Given data
◇ ◇ ◇

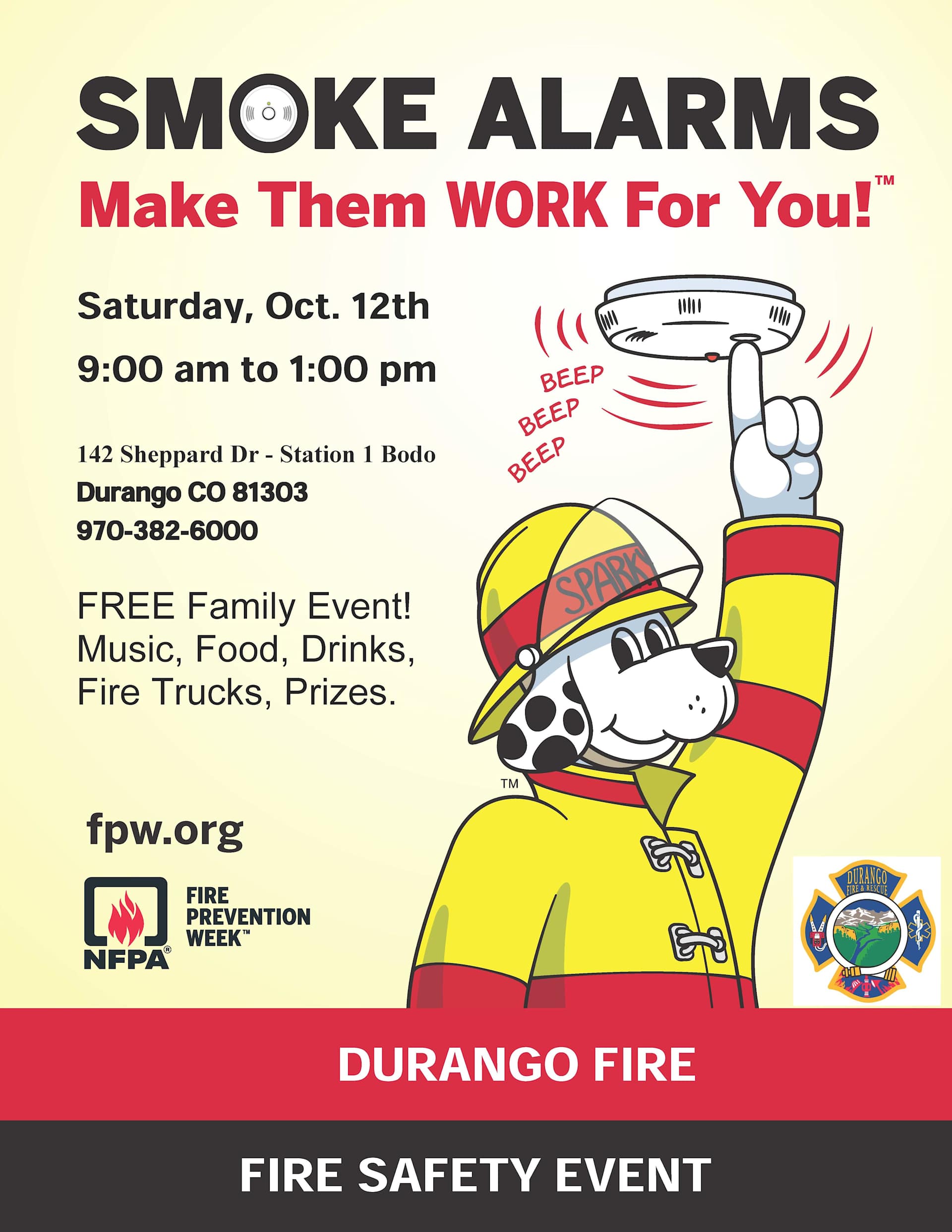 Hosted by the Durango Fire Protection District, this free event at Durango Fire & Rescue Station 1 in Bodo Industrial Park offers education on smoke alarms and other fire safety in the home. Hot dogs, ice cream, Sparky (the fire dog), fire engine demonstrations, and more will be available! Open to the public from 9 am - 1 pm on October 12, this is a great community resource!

◇ ◇ ◇

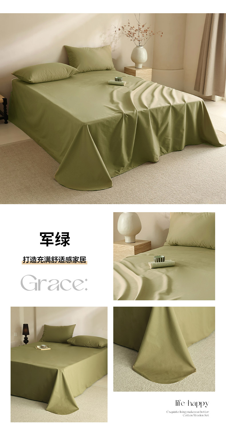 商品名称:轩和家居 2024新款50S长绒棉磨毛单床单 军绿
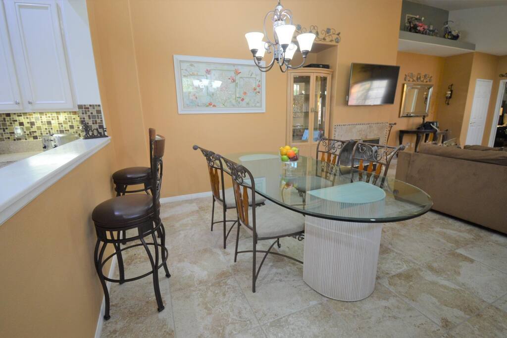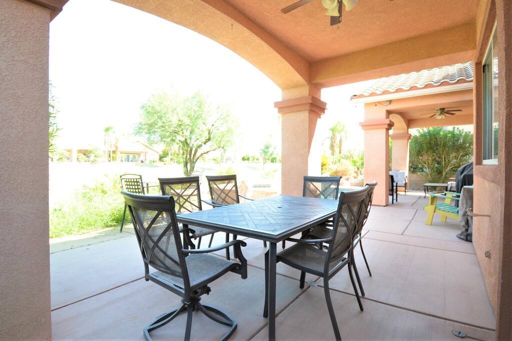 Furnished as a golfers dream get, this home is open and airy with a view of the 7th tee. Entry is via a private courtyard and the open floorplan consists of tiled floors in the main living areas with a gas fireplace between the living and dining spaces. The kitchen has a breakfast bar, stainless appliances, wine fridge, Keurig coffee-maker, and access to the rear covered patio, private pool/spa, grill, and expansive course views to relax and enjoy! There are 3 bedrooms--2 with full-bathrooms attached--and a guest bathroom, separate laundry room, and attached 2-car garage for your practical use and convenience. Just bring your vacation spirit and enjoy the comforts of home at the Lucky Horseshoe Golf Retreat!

◇ ◇ ◇

Task to carry out
In the records above, everything from the line with "商品名称:轩和家居 2024新款50S长绒棉磨毛单床单 军绿" down to the line with "Furnished as a" is to be set down exactly, both ends included, with no pictures and no other lines.

Result of the exercise
 商品名称:轩和家居 2024新款50S长绒棉磨毛单床单 军绿
 Furnished as a golfers dream get, this home is open and airy with a view of the 7th tee. Entry is via a private courtyard and the open floorplan consists of tiled floors in the main living areas with a gas fireplace between the living and dining spaces. The kitchen has a breakfast bar, stainless appliances, wine fridge, Keurig coffee-maker, and access to the rear covered patio, private pool/spa, grill, and expansive course views to relax and enjoy! There are 3 bedrooms--2 with full-bathrooms attached--and a guest bathroom, separate laundry room, and attached 2-car garage for your practical use and convenience. Just bring your vacation spirit and enjoy the comforts of home at the Lucky Horseshoe Golf Retreat!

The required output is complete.